Странствуя на Севере, чжоуский царь My побывал в этом царстве и на три года забыл о возвращении. Когда же он вернулся в свой дворец, то все время тосковал об этой стране, а потому стал раздражительным и забывчивым, не ел мяса и не пил вина, не призывал к себе наложниц и пришел в себя лишь через несколько месяцев.

Гуань Чжун уговаривал циского царя Хуань-гуна во время путешествия в Ляокоу посетить и то царство. Он уже почти убедил царя, но тут вставил свое слово Си Пэн.

— Как можно слушаться почтенного Чжуна? — сказал Си Пэн. — Ведь вам придется оставить обширное и цветущее царство Ци, прекрасные горы и реки, пышные рощи, благочестивые обряды и празднества, изящные одежды и головные уборы, прелестных наложниц и преданных советников! Скажите слово — и миллионы воинов предстанут перед вами. Махните рукой — и прочие царства падут к вашим ногам. Для чего вам мечтать о какой-то другой стране, уходить от алтарей предков и селиться среди варваров? Да почтенный Чжун совсем ума лишился!

И Хуань-гун раздумал ехать, а слова Си Пэна передал Гуань Чжуну.

— Си Пэну этого, конечно, не понять, — ответил Гуань Чжун. — Боюсь, нам никогда и не найти дорогу в ту страну.

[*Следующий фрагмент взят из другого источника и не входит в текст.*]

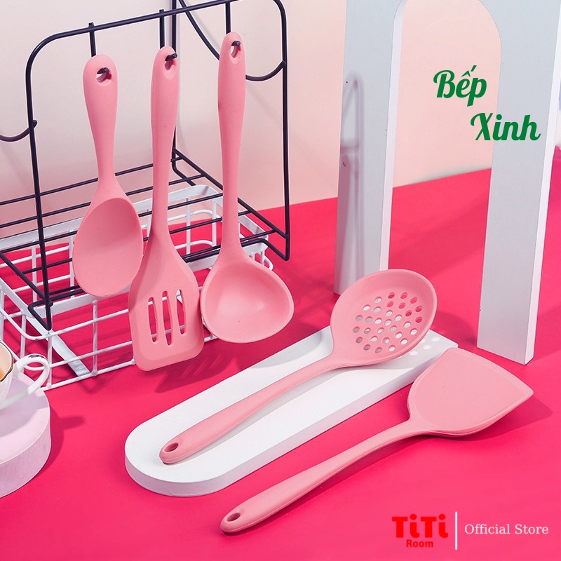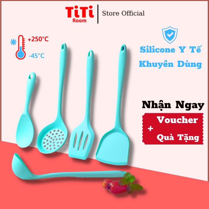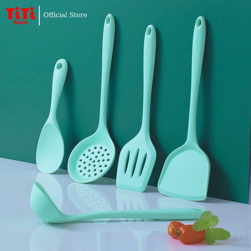Dụng cụ thìa nấu ăn nhà bếp silicon 5 món chịu nhiệt chống dính cao cấp Kitchen, Đồ dùng nấu ăn nhà bếp cao cấp TiTiRoom

Но зачем так радеть о богатствах Ци? Зачем обращать внимание на слова Си Пэна?


Люди южных стран бреют головы и ходят нагими. Люди северных стран носят на голове повязки и одеваются в меха. Люди Срединных царств носят шапки и халаты. Все, что производится во всех Девяти областях землепашцами или торговцами, охотниками или рыболовами, все меха для зимы и холсты для лета, все лодки для воды и повозки для суши добыты без слов, в соответствии с естественными потребностями.


К востоку от царства Юэ лежит страна Чжэму. Когда там рождается первый ребенок, его тут же съедают, говоря, что это сделает плодовитой его мать. А когда умирает дед, они уносят на спине бабку, говоря: «С женой духа нельзя жить в одном доме». К югу от Чу лежит страна Ицюй. Когда там умирает родитель или родственник, они будут считать, что не исполнили своего сыновнего долга, если не соберут много хвороста и не сожгут покойного. И когда дым от костра поднимается к небесам, они говорят, что дух покойного вознесся на Небо. Существуют государственные законы и народные обычаи, и удивляться их странности не следует.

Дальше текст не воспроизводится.